Elle avait une part de responsabilité dans ce projet d’évasion voulu par elle, mal préparé, désorganisé au dernier moment par le roi jaloux de l’amant de sa femme.

On a parlé d’une malédiction liée à sa personne. Elle est née à Vienne le 2 novembre 1755 - le jour des morts -, tandis que la veille à Lisbonne un tremblement de terre historique a fait des milliers de morts. Nombre de ses biographes y verront de mauvais présages.
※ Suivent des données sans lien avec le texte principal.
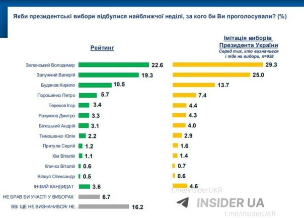 Согласно соцопросу Socis, проведенного в конце марта, Владимир Зеленский сохраняет лидерство с результатом 22,6%. Далее следуют Валерий Залужный (19,3%) и Кирилл Буданов (10,5%), что уже выводит последнего в число заметных политических игроков.
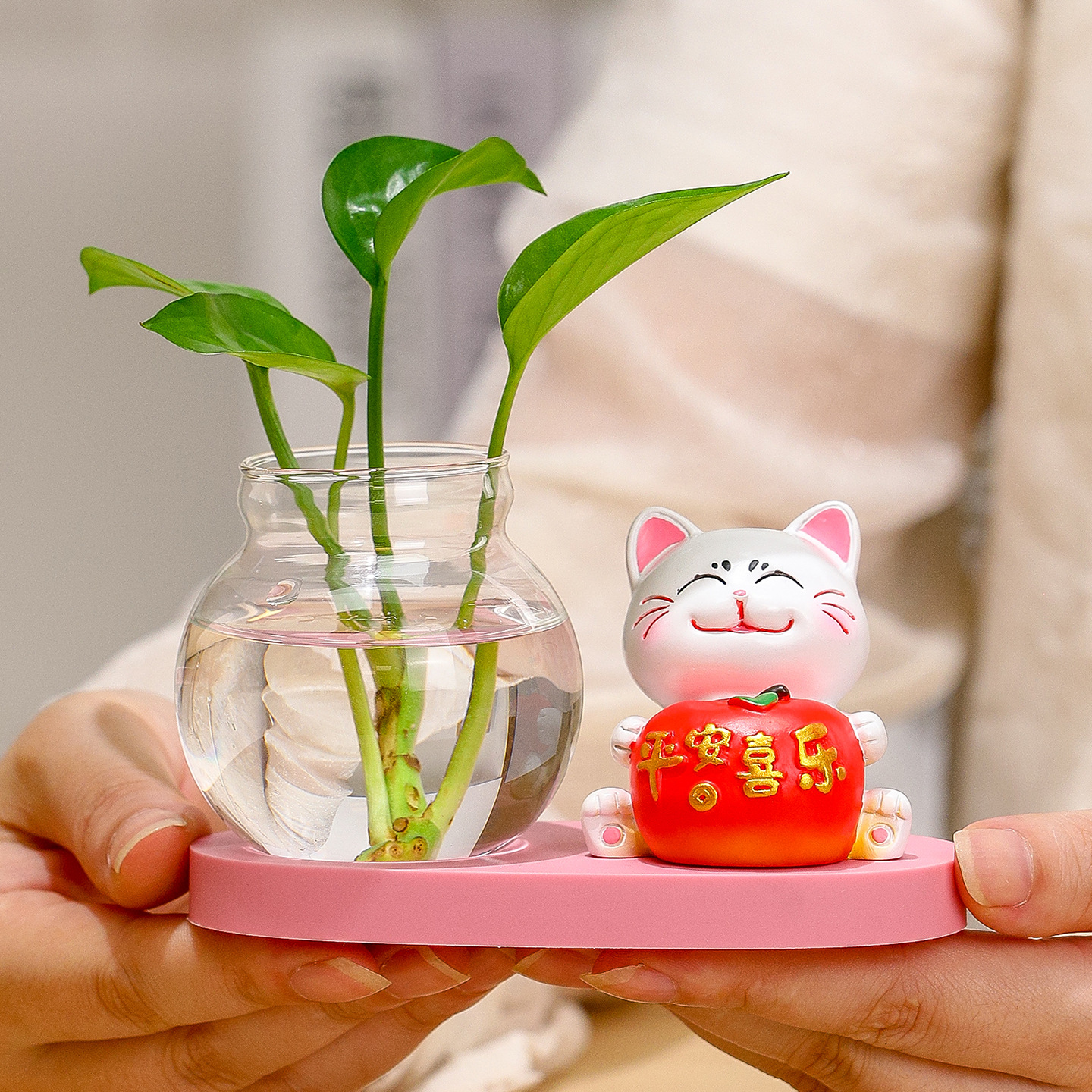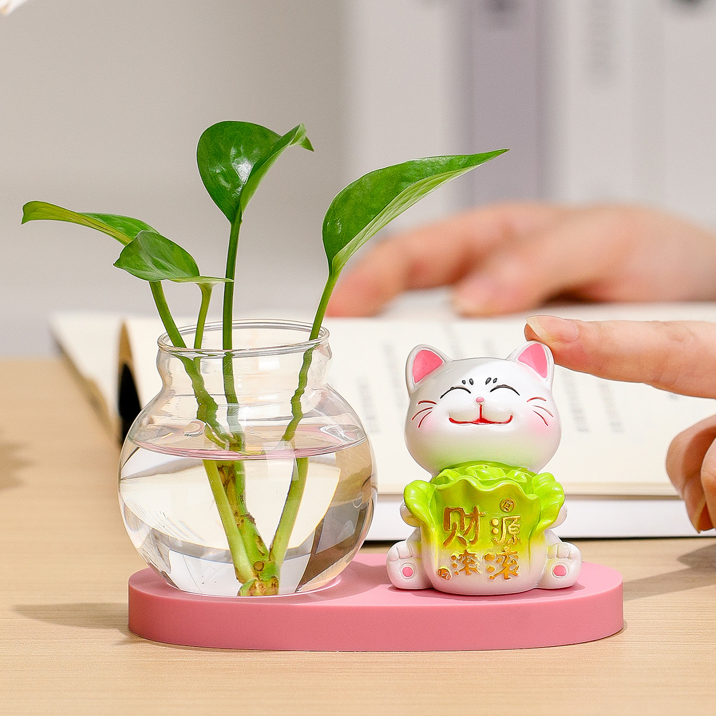 可爱招财猫家居摆件办公室桌面绿萝水培花瓶电视柜阳台插花装饰品
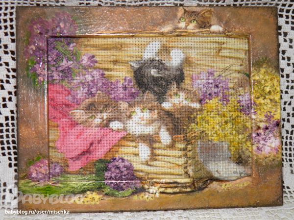 работа напомнила мне мое детство, вернее лето в детстве ) Моя бабушка вышивала и у ее была вышивка похожих котят. Я помню как рассматривал их когда бабушка спать укладывала нас - внуков. А нас было много ))) всего 15 внуков , но тем летом нас наверное 7 было в гостях)
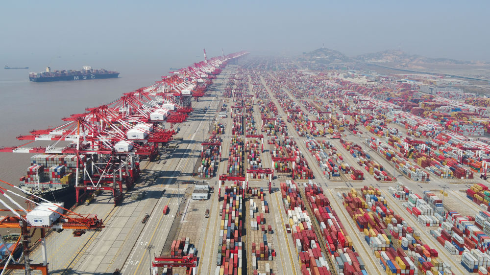 2020年3月18日拍摄的上海洋山港集装箱码头(无人机照片)。(新华社记者丁汀摄)
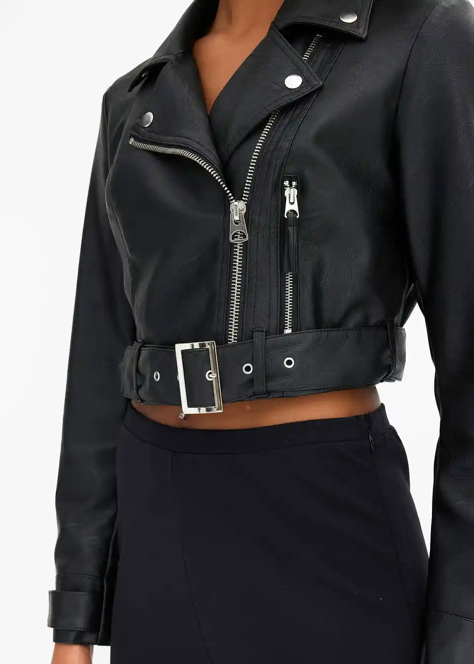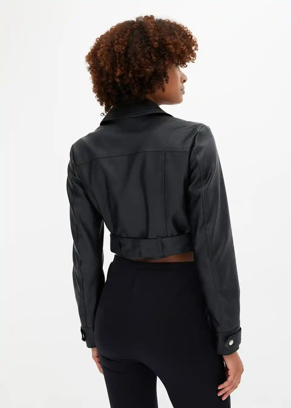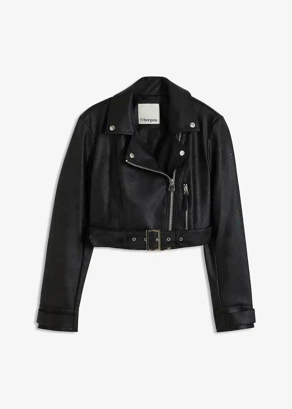 Stylische Bikerjacke mit toller Passform und dekorativem Reißverschluss in Lederoptik
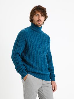 Pletený svetr s rolákem. Výrazný copánkový vzor. Dlouhé rukávy. Pružné žebrované lemy. Jednobarevný.
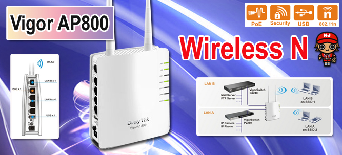 Vigor AP800 Wireless N ผลิตภัณฑ์ที่ใช้งานแทนรุ่น Vigor AP800 Vigor AP800 เป็น Wireless มาตรฐาน N แท้ๆ ซึ่งสามารถ Transfer ข้อมูลได้สูงสุดถึง 300 Mbps โดยหากต้องการส่งสัญญาณข้อมูลให้ได้ไกลขึ้น ก็อาจใช้ USB Client ที่รองรับ Wireless N ด้วยก็ได้ ซึ่งจะทำให้กำลังส่งนั้น สามารถใช้งานได้ไกลขึ้นถึง 3 เท่า (300 เมตร) แต่จากการทดลองใช้งานในสถานการณ์จริงนั้น ถึงแม้ว่าภาครับจะไม่ใช้ Wireless N Adapter ก็ตาม ก็ยังสามารถรับสัญญาณได้ไกลกว่า Access Point ปกติถึง 100% เลยทีเดียว Corecasys เราให้บริการจัดจำหน่ายผลิตภัณฑ์ต่างจากผลิตภัณฑ์ยี่ห้ออื่นเป็นอย่างมาก เพราะเราขายอุปกรณ์พร้อมบริการหลังการขาย และความรู้ต่างๆ ที่คุณจำเป็นต้องใช้งานเกี่ยวกับอุปกรณ์ของเรา ด้วยความที่เราเป็นผู้พัฒนาระบบ (SI) เราจึงสามารถผลักดันคุณให้ใช้งานอุปกรณ์ได้จนจบความต้องการของคุณ โดยเฉพาะอย่างยิ่ง นโยบาย การให้ทดลองใช้งานผลิตภัณฑ์ยาวนานถึง 3 สัปดาห์ ยังเป็นข้อพิสูจนได้ว่า เมื่อคุณซื้ออุปกรณ์ไปแล้ว อุปกรณ์จะต้องช่วยงานคุณได้อย่างมีเสถียรภาพ ไม่ใช่เอาอุปกรณ์เข้าไปสร้างปัญหา และความวุ่นวายใจให้กับคุณ Technical Specifications of VigorAP 800 Wierless AP Mode AP Mode Station Infrastructure AP Bridge Point to Point AP Bridge Point to Multipoint WDS Universal Repeater IEEE 802.11 b/ g / n Compliant Wireless Client List 64 / 128-bit WEP WPA/WPA2 Multiple SSID Hidden SSID WPS WMM(Wi-Fi Multimedia) MAC Address Control Wireless Client Isolation Internal Radius Server * MAC Clone AP Client Security: TLS, PEAP* DHCP Server TR-069* VLAN Grouping and SSID Mapping for LAN A & B USB Printer Server* Network Management Web-based User Interface (HTTP) CLI (Command Line Interface,Telnet) Configuration Backup/Restore Firmware Upgrade via WUI Management Session Time Out Hardware Interface 5 x 10/100 Base-TX LAN Switch, RJ-45 (1 x PoE Port on LAN-A1 Port) 1 x USB 2.0 Host 2 x Detached Antennas 1 x Factory Reset Button 1 x Wireless ON / OFF / WPS Button 1 x Power ON / OFF Button

Et Fersen mourra assassiné le 20 juin 1810, anniversaire de la fuite à Varennes.

Cette malédiction se retrouve chez le personnage très romantique d’Hernani, créé par Hugo le 25 février 1830, au cœur de la plus célèbre bataille du théâtre français :  « Oh ! je porte malheur à tout ce qui m’entoure ! »

« Toute femme qui se mêle volontairement d’affaires au-dessus de ses connaissances et hors des bornes de son devoir est une intrigante. »

MARIE-ANTOINETTE (1755-1793), Correspondance, Gallica, BNF

Autre constatation, plus évidente en ce siècle où la place des femmes fut strictement limitée aux salons littéraires… et au foyer familial. La Révolution fut encore plus misogyne - avant l’Empire qui ne le fut pas moins, sous l’influence de Napoléon. De là à faire de Marie-Antoinette une féministe… Ce mot est quand même cité dans un livre récent, Le Féminisme français (2023), Charles Marie Joseph Turgeon.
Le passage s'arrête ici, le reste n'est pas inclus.